At the junction of Friedensburg Road and Old Spies Church Road, about a half-mile past the former Stony Creek Mills in Lower Alsace Township, stands an interesting stone structure that prior to enlargement had been a horse stable. Before that, it was Ancona’s School.

In the days it served education, this was a modestly-sized one-room building. At the time it was built, probably in the 1850s, this locality was part of Alsace.

A few weeks after his 80th birthday in 1904 Sydenham Elnathan Ancona (for military service popularly known as Maj. Ancona), accepted the invitation of Miss Loulae (Lulu) Herr to speak to her pupils and parents at an evening program held at Ancona School. His talk was to deal with education as it existed there when he was a lad.

Incidentally, the building carried the Ancona name as the major’s father once owned land in the vicinity, including the lot where the schoolhouse was erected.

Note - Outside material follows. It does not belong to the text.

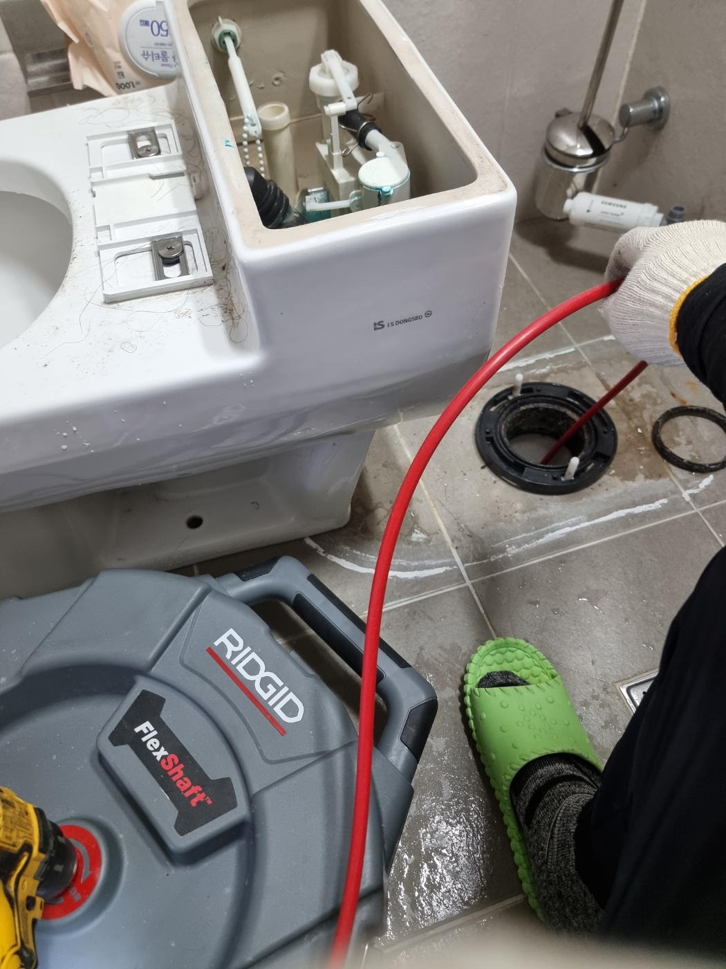깨끗해진 배관 내부를 확인한 후 변기를 재 설치 해주고

Below: First Public Schoolhouse – The Ancona School was closed when the former lower Alsace Township School Board constructed this Victorian building at 1540 Friedensburg Road in Stony Creek Mills.  Initially, three teachers taught all subjects from grades one to eight. Just before the school closed in 1929, Marion Betz, Evelyn Haag and Martha Guckert taught grades one through four in the building.

Ancona School

Below: Sydenham Elnathan Ancona (November 20, 1824 – June 20, 1913) was born near Lititz, Pennsylvania. He moved to Berks County, Pennsylvania, in 1826 with his parents, who settled near Sculls Hill, Pennsylvania. He attended public and private schools, and taught school. He moved in 1856 to Reading, Pennsylvania, where he entered the employ of the Reading Company and served as a member of the Board of Education.

Sydenham Elnathan Ancona

Ancona was elected as a Democrat to the Thirty-seventh, Thirty-eighth, and Thirty-ninth Congresses. He was an unsuccessful candidate for renomination in 1866.

After leaving Congress, he became engaged in the trust, fire-insurance, and relief-association businesses in Reading.

He was engaged in banking and in the insurance business until his death in Reading in 1913. He is interred in Reading’s Charles Evans Cemetery.